Bir Kuran ayetinde: “Ve haklarına tecavüz edildiği zaman, birlik olup karşı koyanlardır.” (Şura Suresi, 39) şeklinde buyrulmuştur. Yüce Rabbimiz bizlere, yeryüzündeki haksızlık ve ağır insan hakları ihlallerine karşı birlik olup fikri mücadeleyle karşı koymayı emretmektedir.

Yüce Allah, Müslümanların birlik olması gerekliliğini yine bir ayetinde şu şekilde bildirmektedir: “İnkâr edenler birbirlerinin velileridir. Eğer siz bunu yapmazsanız (birbirinize yardım etmez ve dost olmazsanız) yeryüzünde bir fitne ve büyük bir bozgunculuk (fesat) olur.” (Enfal Suresi, 73)
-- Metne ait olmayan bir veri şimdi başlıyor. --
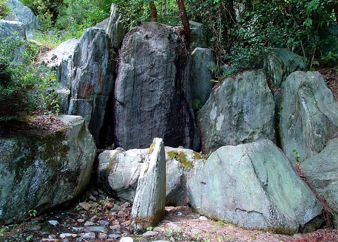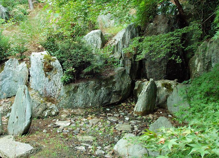 ![]() ▲頂上への園路脇にある石組み (左側:高さ120cm・幅100cm、中央:高さ100cm・幅180cm、右:高さ100cm・幅55cm) |

Derdimiz Yahudiler değil şimdi Filistin de Müslümanları öldürenler gibi yıllar önce sırf Allaha inanıyorlar diye Yahudileri de katleden katil Siyonistlerdir. Syonizmin İsrail halkıyla alakası yoktur. Her topluluğun için şer olanlar olduğu kadar hayırlı insanlarda vardır onun için hiçbir milletin tamamını suçlamamalıdır.

İsrail de ki suçsuz halk dinsiz Marksist , Leninist Darwinist olan yöneticilerinin suçunu yüklenemez..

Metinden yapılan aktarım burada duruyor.